Missionário é acusado de desviar R$ 6 milhões
Depois de prever a volta de Jesus Cristo para o arrebatamento, que aconteceria na última semana de 99, o missionário Miranda Leal conseguiu chamar a atenção por um bom tempo. No dia 10 de dezembro do mesmo ano, ele anviou uma carta de Londres alegando problemas de saúde e pedindo afastamento da Igreja Só o Senhor é Deus, que fundou 25 anos antes.
As pessoas que assumiram a direção da igreja denunciaram Miranda Leal pelo desvio de R$ 6 milhões e outros bens. O dinheiro era meu, que arrecadei com a venda de produtos de divulgação da igreja, alega o missionário. Ele argumenta ainda que os bens, inclusive a Rádio Difusora de Londrina, são pessoais. A Justiça concedeu liminar para que a igreja administre a rádio, mas nem os órgãos que regulamentam o setor permitem uma igreja dirigindo uma emissora, diz.

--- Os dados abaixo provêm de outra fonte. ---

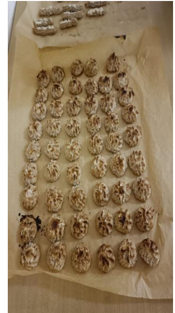
Einige Privatfotos von unserer Weihnachtsbäckerei
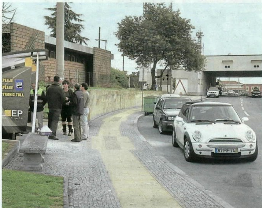
Conductores, en el cajero 24 horas de la frontera de Vilar Formoso en Portugal.

Ayer ya se podía efectuar el pago de las tasas en el cajero 24 horas pero no imprimía el ticket de papel que acredita la transacción
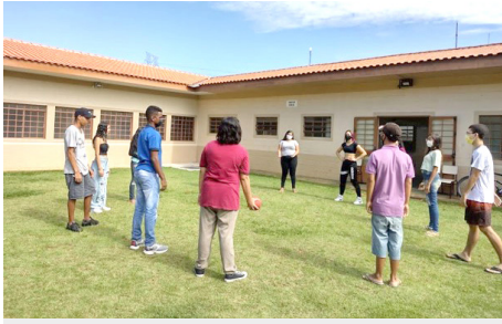
SCFV Grupo de Jovens Atividade regular: dinâmicas de grupo
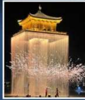
อันวี้โจว
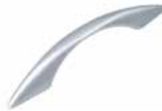
PU 60 B Puxador Veneza prata fosco (96 mm)
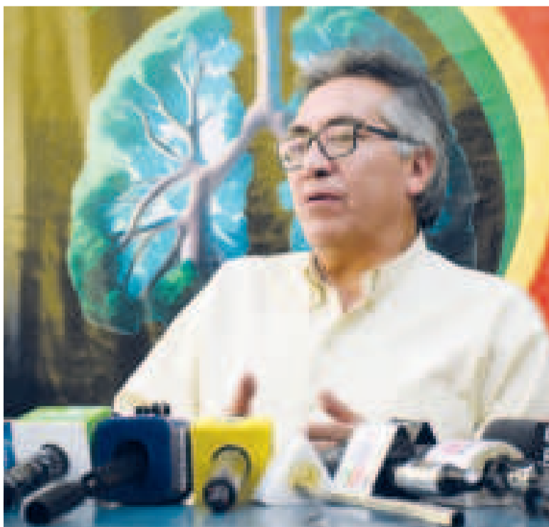
El viceministro de Coordinación Gubernamental, Gustavo Torrico.
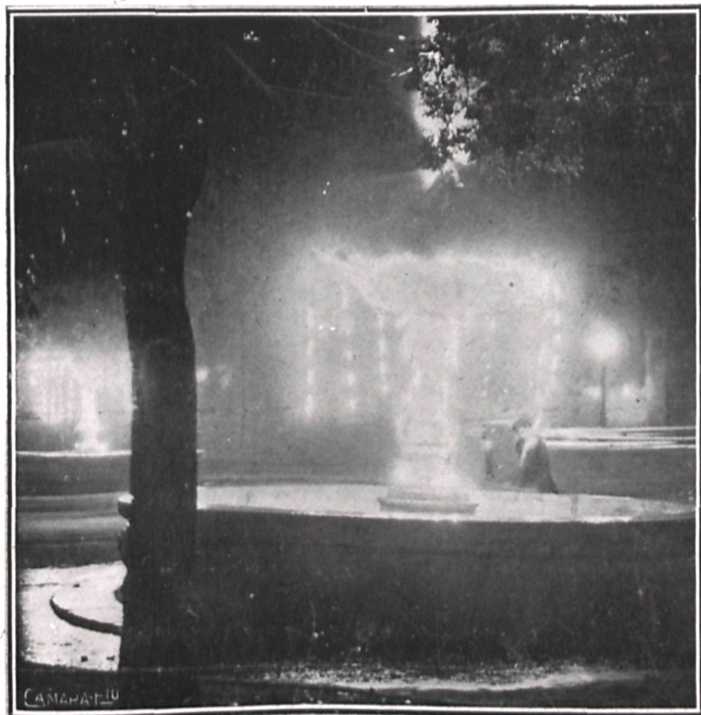
Una de las cuatro fuentes que engalanan el paseo del Prado
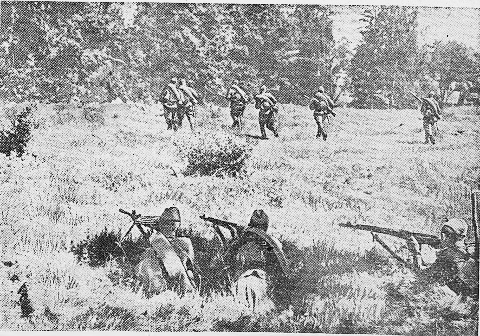
На тактических занятиях в Н-ской части.
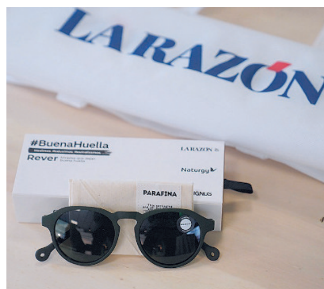
Los asistentes recibieron el obsequio de unas gafas Parafina, cuyas monturas estaban hechas de polvo de caucho reutilizado
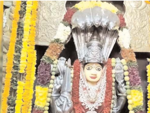
ఉమ్మడి సల్లగొండ బ్యారో అక్షరకలం

ఆధ్యాత్మికత వెలివేసిన వేళ. భక్తజన హృదయాలు పులకించే అద్భుత ఘట్టానికి ముహూర్తం కుదిరింది. సర్కారు సుందరంగా ముస్తాబైన రేణుక ఎల్లమ్మ అమ్మవారి క్షేత్రం వార్షిక బ్రహ్మోత్సవాలకు సిద్దమైంది. ఈ నెల 23వ తేదీ నుండి 25వ

Miranda Leal critica também as denúncias feitas pelos dirigentes da Só o Senhor é Deus. Na Justiça comum eles dizem que o dinheiro é da igreja e na Justiça Federal que eu soneguei. É uma contradição, defende-se. Ele promete ir até as útlimas instâncias judiciais para provar que tem razão e para retomar a direção da igreja.
O missionário falou sobre a denúncia de uma ex-empregada sua, Marli Miranda Pereira da Cruz, de Mandaguaçu. Ela trabalhava na casa de Miranda Leal, mudou-se com ele para o Rio de Janeiro e no final do ano passado saiu do emprego. Marli diz que recebeu R$ 38 mil como indenização pelo trabalho, e que depois Miranda Leal a denunciou por furto. O dinheiro era para nossa missão na Argentina, estava guardado em nosso apartamento e ela se apossou, alega o missionário. O caso também está na Justiça. Não daria um valor assim alto nem para um filho, afirmou Miranda Leal. (M.Z.)